I was thinking the scope might include news acquisition (creation!?) and not just publishing.
That wasn't part of these exchanges, but yes we produce the tools for that in house.

The Grid is a good example of what's been produced in house, and it's actually open source (and I think being used by the BBC?) https://github.com/guardian/grid

Huh, interesting idea... I guess such a thing could be quite interesting for some short form updates (i.e. live from a conference). You'd probably want that to go through some kind of editor right? I just assumed it would be a news-reader/viewer.
We do indeed have what essentially is a text-editor with Guardian specific features developed in house.

It's used for all of our content, but specifically what you're referring to are liveblogs, where a journalist can write short content and append it to the existing article.

Here's an example of such an article https://www.theguardian.com/world/live/2020/apr/23/coronavir...

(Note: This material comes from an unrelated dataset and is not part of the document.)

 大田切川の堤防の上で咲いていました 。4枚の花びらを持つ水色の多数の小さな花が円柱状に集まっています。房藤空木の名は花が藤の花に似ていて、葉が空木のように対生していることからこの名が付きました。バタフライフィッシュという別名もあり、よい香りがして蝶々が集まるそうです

Cross company is awesome but even better would be cross team within the same company. No single thing could do more to break us v. them thinking and silos than this imo
We have an infra rotation program, where application and service programmers can spend a quarter or two working under product infrastructure on whatever their infra passion is. It’s great to see somebody’s passion for a big change boil for a year or two, and then they rotate in and are given the authority to make that change.

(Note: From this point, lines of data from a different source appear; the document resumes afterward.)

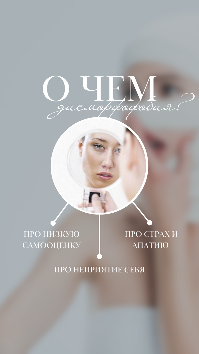 Синдром дисморфофобии – это состояние психики, при котором человек чересчур озабочен своей внешностью, не может адекватно оценивать особенности собственного тела, и делает все для исправления надуманных недостатков. При расстройстве мужчины и женщины начинают увлекаться пластической хирургией и диетами. Дисморфофобия является психиатрическим расстройством, и характеризуется она чрезмерной фиксацией на мнимый дефект во внешнем виде. Хотя это психическое заболевание, большинство людей не признают его и обращаются за помощью к хирургам и дерматологам. Пациенты с дисморфофобией могут испытывать беспокойство в любой части своего тела: губы, щёки, нос, руки, живот, волосы - что угодно. Также многие беспокоятся о морщинах, прыщах, больших или маленьких родинках в большом количестве. В чём причины возникновения дисморфофобии и кто ей подвержен? Причина дисморфофобии точно неизвестна, но не так давно прочитав в интернете возможные факторы её развития, я обнаружила вот что: биологические – нар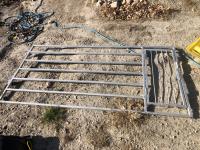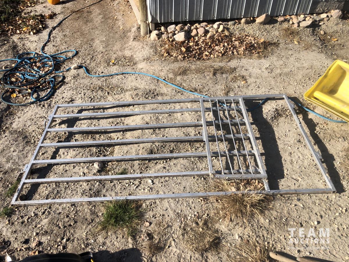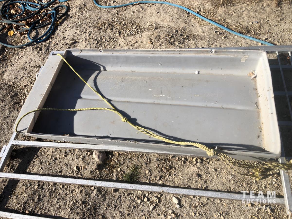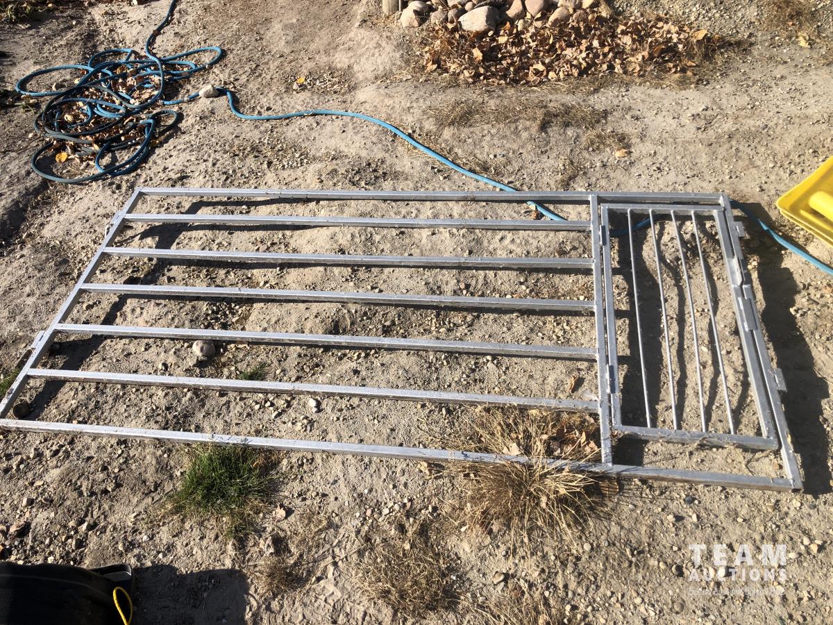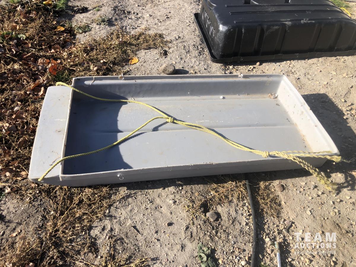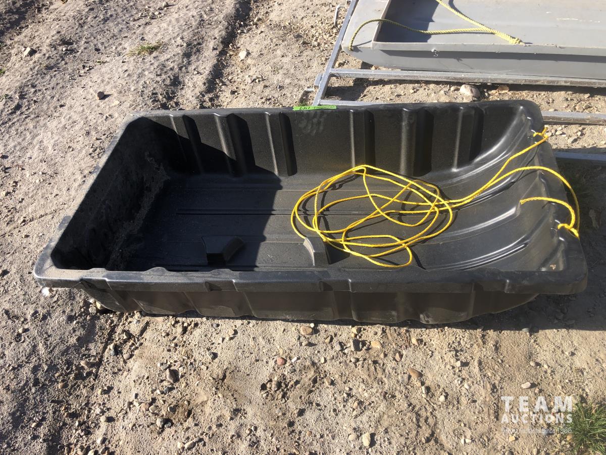 (1) poly fence feeder, (2) calf sleds, 45 inch H X 92 inch long panel with small gate
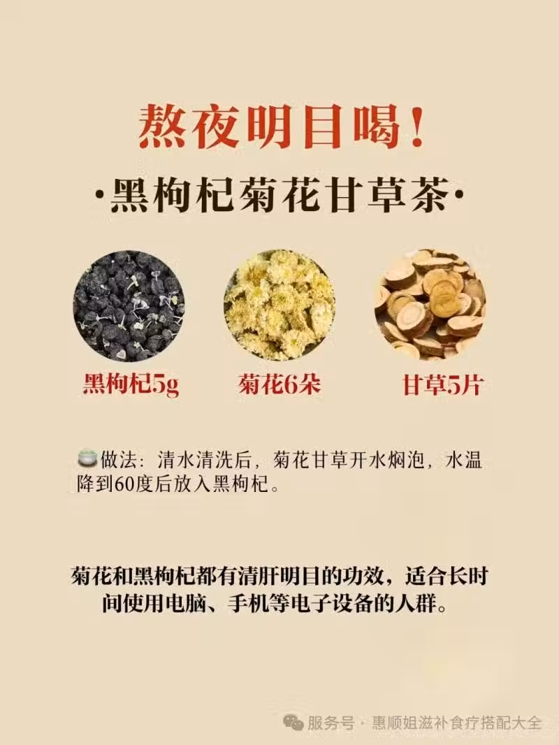 食材:黑枸杞5克、菊花6朵、甘草5片

That being said, I’d love to see people rotate between application and service teams. Some applications and services are years ahead of others in terms of their maturity and scaling problems/solutions, so there’s a lot of tacit knowledge to be spread. We have a monorepo so self-starters can read code and commit messages, but a formal program would really help accelerate and democratize the knowledge spreading.

Yeah my former company would have benefit a ton from something like this. I guess it takes a culture to make this a thing. Instead we just built abstractions around the “other” team’s product so that we didn’t have to deal with their bugs or tech debt.